Abstract
In the recent past, wireless network simulations involving pedestrians are getting increasing attention within the research community. Examples are crowd networking, pedestrian communication via Sidelink/D2D, wireless contact tracing to fight the Covid-19 pandemic or the evaluation of Intelligent Transportation Systems (ITS) for the protection of Vulnerable Road Users (VRUs). Since in general the mobile communication depends on the position of the pedestrians, their mobility needs to be modeled. Often simplified mobility models such as the random-waypoint or cellular automata based models are used.
However, for ad hoc networks and Inter-Vehicular Communication (IVC), it is well-known that a detailed model for the microscopic mobility has a strong influence – which is why state-of-the-art simulation frameworks for IVC often combine vehicular mobility and network simulators. Therefore, this paper investigates to what extent a detailed modelling of the pedestrian mobility on an operational level influences the results of Pedestrian-to-X Communication (P2X) and its applications.
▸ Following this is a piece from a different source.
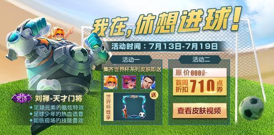 刘禅新皮肤天才门将首周折扣710点券,将在7月13日凌晨0点上架,也就是今晚12点之后。其次还推出了2018世界杯限定头像框一个,如果同时拥有三款世界杯系列皮肤,即可在活动面板上免费领取。

We model P2X scenarios within the open-source coupled simulation environment CrowNet. It enables us to simulate the identical P2X scenario while varying the pedestrian mobility simulator as well as the used model. Two communication scenarios (pedestrian to server via 5G New Radio, pedestrian to pedestrian via PC5 Sidelink) are investigated in different mobility scenarios. Initial results demonstrate that time- and location-dependent factors represented by detailed microscopic mobility models can have a significant influence on the results of wireless communication simulations, indicating a need for more detailed pedestrian mobility models in particular for scenarios with pedestrian crowds.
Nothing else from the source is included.